◆ **BRIEF**:
Return, word for word, only the lines of the data below that lie between the line with "ENERGETICA GLOBALE E" and the line with "Black Western Print", those two lines included.

[Collected data]
=-=-=

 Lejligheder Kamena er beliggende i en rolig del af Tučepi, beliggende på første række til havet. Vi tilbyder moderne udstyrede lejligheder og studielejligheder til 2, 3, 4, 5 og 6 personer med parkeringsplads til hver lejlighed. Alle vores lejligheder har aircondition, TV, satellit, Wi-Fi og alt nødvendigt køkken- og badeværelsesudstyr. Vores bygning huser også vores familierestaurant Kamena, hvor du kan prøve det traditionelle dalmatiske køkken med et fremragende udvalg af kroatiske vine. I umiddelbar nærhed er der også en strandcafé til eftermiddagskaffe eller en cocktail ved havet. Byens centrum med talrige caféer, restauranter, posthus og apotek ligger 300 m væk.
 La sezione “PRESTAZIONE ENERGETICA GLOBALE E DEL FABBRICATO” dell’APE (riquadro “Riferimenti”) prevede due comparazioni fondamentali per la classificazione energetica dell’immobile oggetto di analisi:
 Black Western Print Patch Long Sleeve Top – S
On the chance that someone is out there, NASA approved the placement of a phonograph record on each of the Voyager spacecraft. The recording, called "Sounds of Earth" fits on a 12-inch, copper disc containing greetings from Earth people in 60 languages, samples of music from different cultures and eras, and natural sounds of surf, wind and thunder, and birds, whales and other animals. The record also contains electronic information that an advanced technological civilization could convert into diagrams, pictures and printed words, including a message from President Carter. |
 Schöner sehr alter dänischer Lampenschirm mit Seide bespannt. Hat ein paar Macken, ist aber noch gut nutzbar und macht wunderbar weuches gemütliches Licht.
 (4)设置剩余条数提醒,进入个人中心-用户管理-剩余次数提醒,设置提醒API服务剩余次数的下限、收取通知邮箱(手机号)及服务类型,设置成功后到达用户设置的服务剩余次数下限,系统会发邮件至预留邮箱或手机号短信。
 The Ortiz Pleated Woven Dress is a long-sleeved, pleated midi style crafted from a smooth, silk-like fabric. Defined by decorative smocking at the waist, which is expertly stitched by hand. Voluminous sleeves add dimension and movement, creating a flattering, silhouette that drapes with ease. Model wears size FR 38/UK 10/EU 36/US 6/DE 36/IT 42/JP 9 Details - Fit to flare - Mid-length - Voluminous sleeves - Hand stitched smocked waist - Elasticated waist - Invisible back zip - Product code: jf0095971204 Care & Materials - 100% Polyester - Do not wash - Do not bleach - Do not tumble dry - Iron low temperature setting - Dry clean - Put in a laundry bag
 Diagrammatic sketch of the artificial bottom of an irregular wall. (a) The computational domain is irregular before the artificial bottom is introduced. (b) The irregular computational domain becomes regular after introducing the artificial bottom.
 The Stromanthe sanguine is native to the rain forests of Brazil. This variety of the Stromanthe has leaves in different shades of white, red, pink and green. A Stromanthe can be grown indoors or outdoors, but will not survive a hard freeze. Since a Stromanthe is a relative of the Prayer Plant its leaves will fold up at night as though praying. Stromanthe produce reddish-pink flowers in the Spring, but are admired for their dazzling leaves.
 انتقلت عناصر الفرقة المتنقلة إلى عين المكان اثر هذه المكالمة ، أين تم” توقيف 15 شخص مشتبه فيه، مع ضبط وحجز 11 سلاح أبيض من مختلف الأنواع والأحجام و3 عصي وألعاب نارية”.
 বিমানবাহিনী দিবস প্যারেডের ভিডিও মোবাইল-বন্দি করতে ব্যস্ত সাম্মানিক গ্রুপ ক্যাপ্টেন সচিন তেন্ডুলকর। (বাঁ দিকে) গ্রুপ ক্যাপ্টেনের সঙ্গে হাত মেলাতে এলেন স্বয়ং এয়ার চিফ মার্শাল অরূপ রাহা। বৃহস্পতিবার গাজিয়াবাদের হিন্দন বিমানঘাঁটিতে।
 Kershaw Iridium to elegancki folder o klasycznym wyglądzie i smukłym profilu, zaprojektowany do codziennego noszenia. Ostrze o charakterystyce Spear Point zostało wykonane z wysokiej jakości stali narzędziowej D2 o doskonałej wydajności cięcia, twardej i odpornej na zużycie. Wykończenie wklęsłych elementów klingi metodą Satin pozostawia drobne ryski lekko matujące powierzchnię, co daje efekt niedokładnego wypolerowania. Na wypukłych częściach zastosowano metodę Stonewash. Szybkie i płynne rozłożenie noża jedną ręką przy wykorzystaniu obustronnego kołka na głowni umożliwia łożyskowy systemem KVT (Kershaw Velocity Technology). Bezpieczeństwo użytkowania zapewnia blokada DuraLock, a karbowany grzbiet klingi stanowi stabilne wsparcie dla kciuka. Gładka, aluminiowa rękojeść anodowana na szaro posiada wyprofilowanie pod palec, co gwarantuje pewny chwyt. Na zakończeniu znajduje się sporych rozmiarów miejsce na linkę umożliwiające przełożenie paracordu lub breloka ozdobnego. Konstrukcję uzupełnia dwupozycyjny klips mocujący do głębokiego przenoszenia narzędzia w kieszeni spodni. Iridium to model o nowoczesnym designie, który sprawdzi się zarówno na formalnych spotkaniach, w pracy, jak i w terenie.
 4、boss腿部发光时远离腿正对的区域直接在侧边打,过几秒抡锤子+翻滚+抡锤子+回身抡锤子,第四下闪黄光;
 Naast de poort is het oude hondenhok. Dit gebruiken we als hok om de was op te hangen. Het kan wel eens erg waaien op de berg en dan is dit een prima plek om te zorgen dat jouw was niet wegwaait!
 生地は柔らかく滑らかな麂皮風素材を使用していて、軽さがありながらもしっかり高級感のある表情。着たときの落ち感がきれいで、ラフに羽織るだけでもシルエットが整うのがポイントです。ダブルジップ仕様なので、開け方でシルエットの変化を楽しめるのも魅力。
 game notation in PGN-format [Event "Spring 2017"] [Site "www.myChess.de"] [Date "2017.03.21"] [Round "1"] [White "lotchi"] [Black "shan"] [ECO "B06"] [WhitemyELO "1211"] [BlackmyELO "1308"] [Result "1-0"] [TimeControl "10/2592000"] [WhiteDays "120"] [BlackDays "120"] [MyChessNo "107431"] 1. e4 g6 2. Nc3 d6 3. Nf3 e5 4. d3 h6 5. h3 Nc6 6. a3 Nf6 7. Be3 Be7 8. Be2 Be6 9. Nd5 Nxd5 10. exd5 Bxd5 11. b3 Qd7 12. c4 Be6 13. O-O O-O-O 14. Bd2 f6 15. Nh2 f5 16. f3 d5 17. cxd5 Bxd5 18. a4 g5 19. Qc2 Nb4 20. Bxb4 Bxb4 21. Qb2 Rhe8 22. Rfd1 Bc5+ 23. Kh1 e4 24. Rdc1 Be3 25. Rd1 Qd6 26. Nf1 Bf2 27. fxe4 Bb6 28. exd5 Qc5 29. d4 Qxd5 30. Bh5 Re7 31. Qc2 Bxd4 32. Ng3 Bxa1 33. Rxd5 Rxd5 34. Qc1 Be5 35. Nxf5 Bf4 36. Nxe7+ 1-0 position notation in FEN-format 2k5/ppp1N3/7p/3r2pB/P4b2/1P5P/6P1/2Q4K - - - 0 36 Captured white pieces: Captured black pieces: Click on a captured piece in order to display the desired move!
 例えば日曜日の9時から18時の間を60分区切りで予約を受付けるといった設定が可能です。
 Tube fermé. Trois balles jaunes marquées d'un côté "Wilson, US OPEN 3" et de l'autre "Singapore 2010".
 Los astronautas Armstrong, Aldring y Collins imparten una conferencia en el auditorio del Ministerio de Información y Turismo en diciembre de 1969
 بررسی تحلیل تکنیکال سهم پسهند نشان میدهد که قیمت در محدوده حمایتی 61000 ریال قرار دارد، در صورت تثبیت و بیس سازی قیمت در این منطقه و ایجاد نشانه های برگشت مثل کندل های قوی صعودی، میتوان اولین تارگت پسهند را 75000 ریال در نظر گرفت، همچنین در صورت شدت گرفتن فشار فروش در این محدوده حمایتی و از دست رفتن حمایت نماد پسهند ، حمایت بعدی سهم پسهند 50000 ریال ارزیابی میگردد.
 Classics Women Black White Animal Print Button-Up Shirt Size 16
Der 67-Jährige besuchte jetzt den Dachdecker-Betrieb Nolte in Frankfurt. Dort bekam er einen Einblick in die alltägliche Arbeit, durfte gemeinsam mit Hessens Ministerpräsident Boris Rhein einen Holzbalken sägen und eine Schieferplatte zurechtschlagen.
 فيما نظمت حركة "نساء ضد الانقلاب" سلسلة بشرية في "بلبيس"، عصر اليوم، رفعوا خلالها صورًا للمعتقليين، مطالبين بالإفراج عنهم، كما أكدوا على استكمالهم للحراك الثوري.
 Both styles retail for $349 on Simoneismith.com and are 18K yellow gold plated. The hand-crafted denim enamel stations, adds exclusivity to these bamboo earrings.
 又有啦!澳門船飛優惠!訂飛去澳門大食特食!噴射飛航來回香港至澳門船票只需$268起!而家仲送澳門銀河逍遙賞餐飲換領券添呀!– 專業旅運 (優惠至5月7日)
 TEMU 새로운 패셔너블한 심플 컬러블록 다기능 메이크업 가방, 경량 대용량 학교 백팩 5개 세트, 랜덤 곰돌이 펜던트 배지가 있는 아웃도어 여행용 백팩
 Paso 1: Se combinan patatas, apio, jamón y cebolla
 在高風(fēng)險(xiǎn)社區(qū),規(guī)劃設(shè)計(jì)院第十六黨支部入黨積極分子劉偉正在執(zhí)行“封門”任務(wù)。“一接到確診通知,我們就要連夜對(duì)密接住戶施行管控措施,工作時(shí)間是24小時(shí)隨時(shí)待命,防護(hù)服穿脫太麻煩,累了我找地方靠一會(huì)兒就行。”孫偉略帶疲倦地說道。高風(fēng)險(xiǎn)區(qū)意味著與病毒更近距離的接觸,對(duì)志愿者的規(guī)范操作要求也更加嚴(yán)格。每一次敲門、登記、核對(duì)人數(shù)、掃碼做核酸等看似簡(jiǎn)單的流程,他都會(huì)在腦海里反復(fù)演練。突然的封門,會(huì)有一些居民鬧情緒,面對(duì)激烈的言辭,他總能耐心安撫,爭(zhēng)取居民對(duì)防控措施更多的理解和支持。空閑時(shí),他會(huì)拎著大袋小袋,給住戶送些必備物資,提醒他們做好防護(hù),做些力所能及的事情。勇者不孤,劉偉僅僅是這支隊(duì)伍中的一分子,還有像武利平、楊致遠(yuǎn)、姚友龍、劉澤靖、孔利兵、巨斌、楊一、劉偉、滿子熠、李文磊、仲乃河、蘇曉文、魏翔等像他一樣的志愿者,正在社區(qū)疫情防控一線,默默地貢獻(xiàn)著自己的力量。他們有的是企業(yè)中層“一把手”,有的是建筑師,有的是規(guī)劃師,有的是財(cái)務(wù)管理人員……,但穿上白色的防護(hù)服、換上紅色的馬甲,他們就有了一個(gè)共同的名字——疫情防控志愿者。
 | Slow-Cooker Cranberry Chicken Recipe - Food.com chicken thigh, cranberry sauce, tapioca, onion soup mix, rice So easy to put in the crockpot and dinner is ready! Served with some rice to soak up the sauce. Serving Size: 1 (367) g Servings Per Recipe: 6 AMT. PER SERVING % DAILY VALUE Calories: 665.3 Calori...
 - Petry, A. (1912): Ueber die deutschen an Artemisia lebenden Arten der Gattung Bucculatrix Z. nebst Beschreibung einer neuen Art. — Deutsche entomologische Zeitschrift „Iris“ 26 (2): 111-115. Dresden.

=-=-=

◆ **TASK SOLUTION**:
 La sezione “PRESTAZIONE ENERGETICA GLOBALE E DEL FABBRICATO” dell’APE (riquadro “Riferimenti”) prevede due comparazioni fondamentali per la classificazione energetica dell’immobile oggetto di analisi:
 Black Western Print Patch Long Sleeve Top – S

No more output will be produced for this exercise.